* TRY IT *
Repeat exactly, and nothing more, the lines from the one that includes "ウェディングドレス ジュニア コンクール" through the final line of the entries; skip the pictures.

* INPUT DATA *
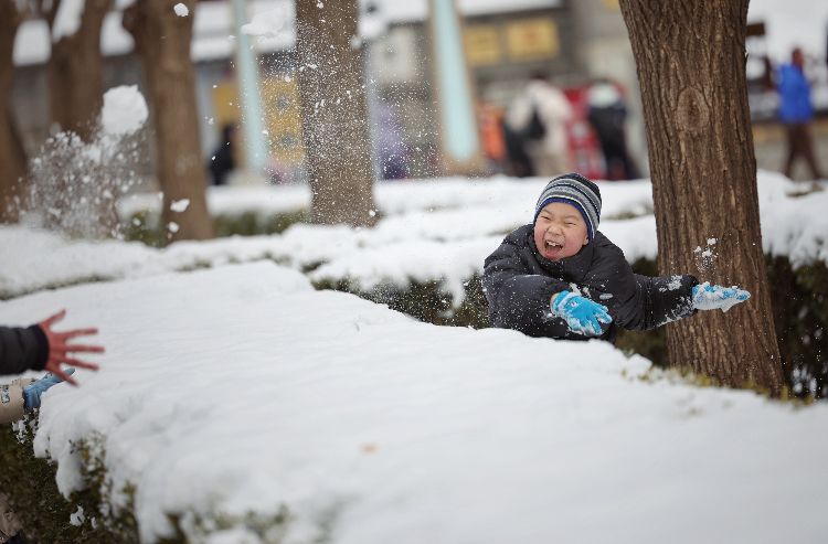 2月21日,一位小男孩在鼓楼前打雪仗。
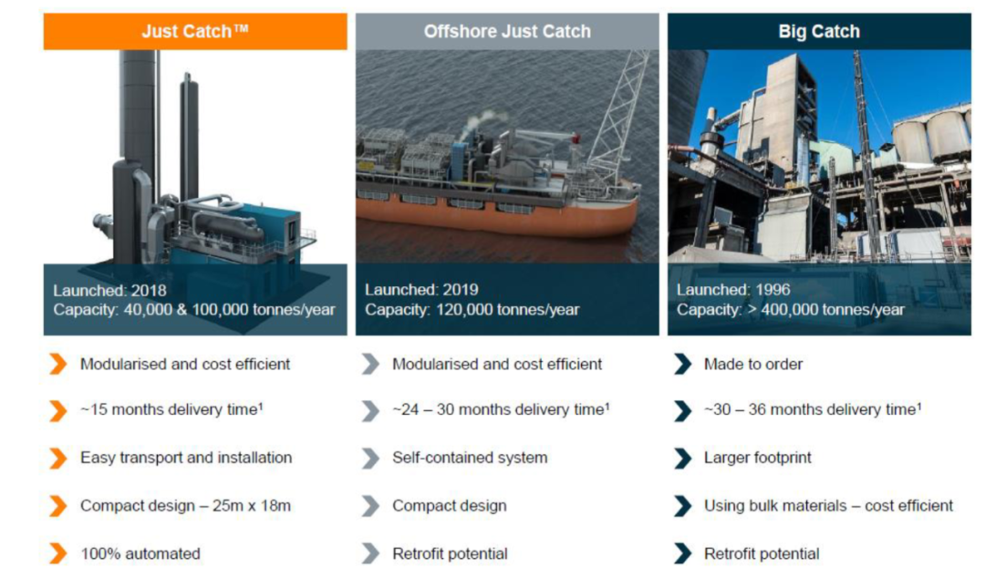 在针对大型排放源的Big Catch方案外,Aker还提供了一个低成本解决小规模排放的产品,这是一个关键的差异化因素。这个Just Catch产品,非常标准化和模块化,可以通过普通尺寸的卡车运输,这个市场还几乎是空白的。
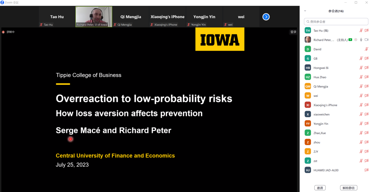 为活跃学院的学术氛围,促进国内外保险精算学术交流,应中国精算研究院池义春研究员邀请,美国爱荷华大学金融系的Richard Peter副教授于2023年7月25日中午通过zoom会议给伟德官网师生做了题为“Overreaction to low-probability risks”的精彩学术报告。
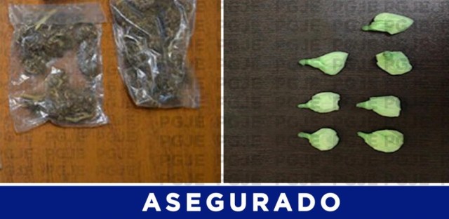 Derivado de esta acción, se le encontró en posesión de siete envoltorios de sustancia granulada y cristalina, con las características del cristal, correspondiente a 550 dosis y dos bolsas de plástico con vegetal verde y seco con las características de la marihuana, equivalente a 40 dosis.
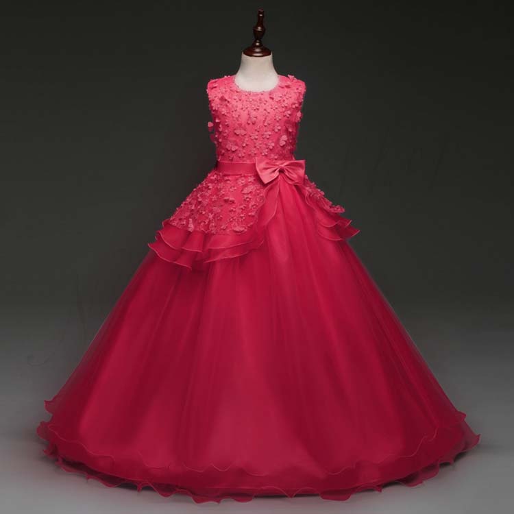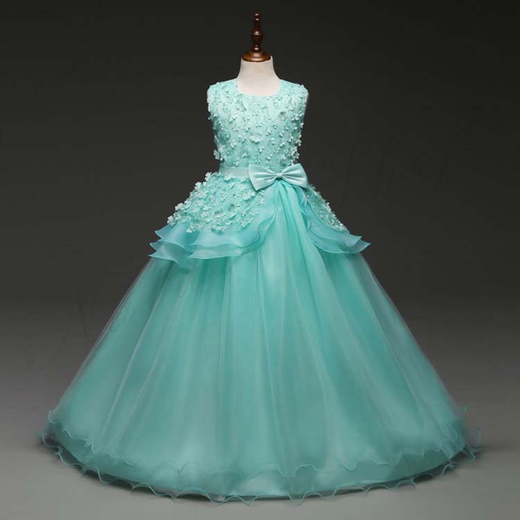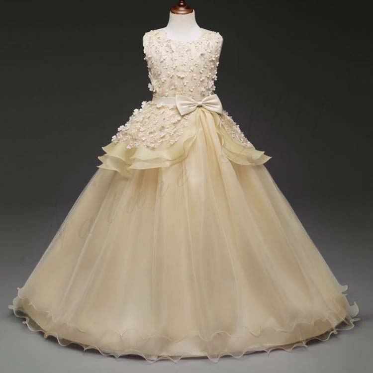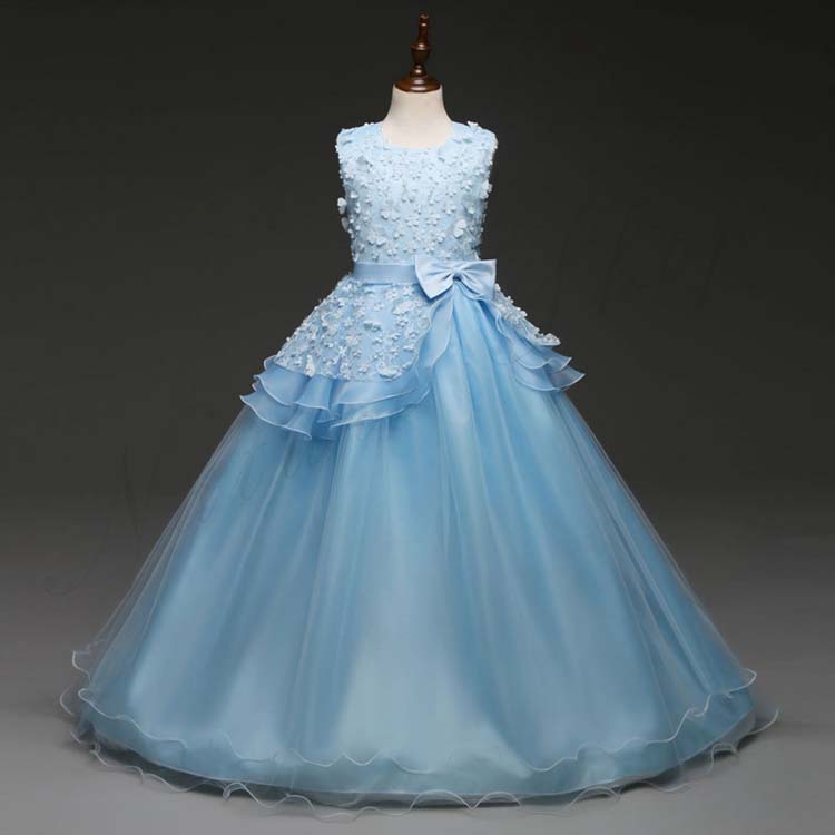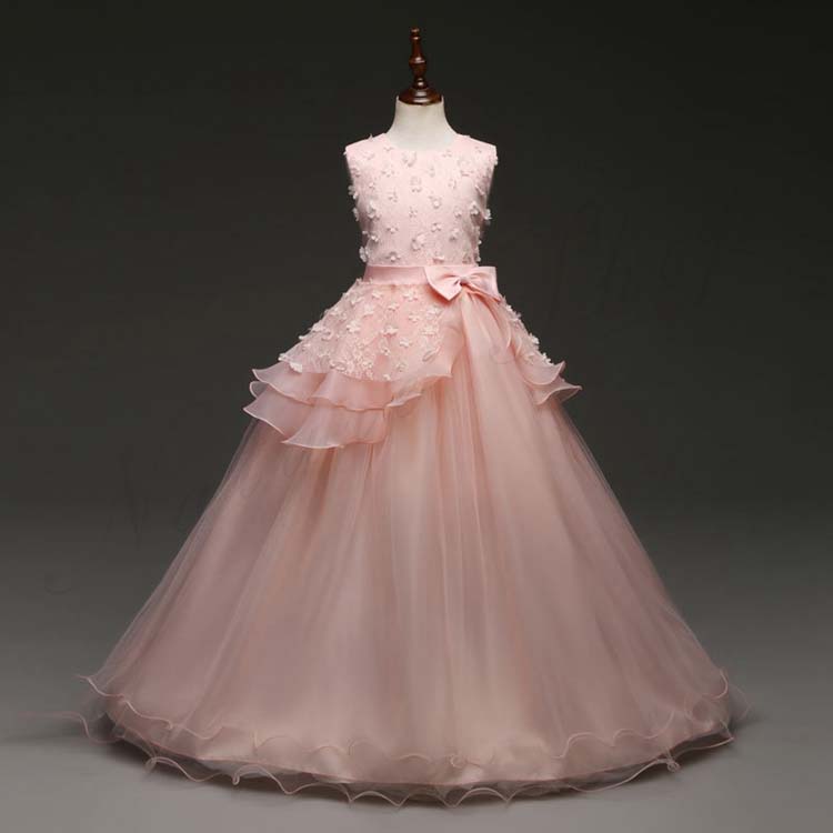 ウェディングドレス ジュニア コンクール ドレス 子供ドレス ピアノ 発表会 ワンピース 袖なし ロング 着地式 姫 チュールスカート チュール ワンピース 花飾り 花嫁 演奏会
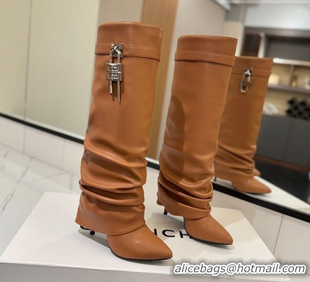 Best Product Givenchy Shark Lock Heel High Boots 10.5cm in Calfskin Leather Brown 1210027 2026
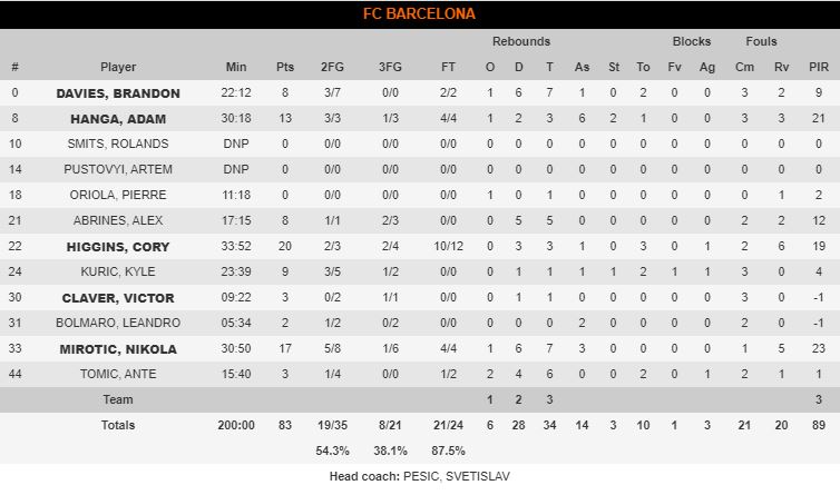 A pesar de que los culés conseguían anotar por talento, su ataque no lograba la lucidez necesaria para tumbar al rival ni tampoco esa defensa que tan buenos resultados le dio a Pesic (52-54 min.16).
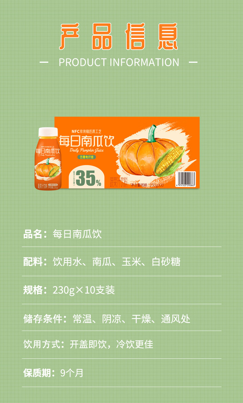 【配料】饮用水、南瓜、玉米、白砂糖

* RESPONSE *
 ウェディングドレス ジュニア コンクール ドレス 子供ドレス ピアノ 発表会 ワンピース 袖なし ロング 着地式 姫 チュールスカート チュール ワンピース 花飾り 花嫁 演奏会
 Best Product Givenchy Shark Lock Heel High Boots 10.5cm in Calfskin Leather Brown 1210027 2026
 A pesar de que los culés conseguían anotar por talento, su ataque no lograba la lucidez necesaria para tumbar al rival ni tampoco esa defensa que tan buenos resultados le dio a Pesic (52-54 min.16).
 【配料】饮用水、南瓜、玉米、白砂糖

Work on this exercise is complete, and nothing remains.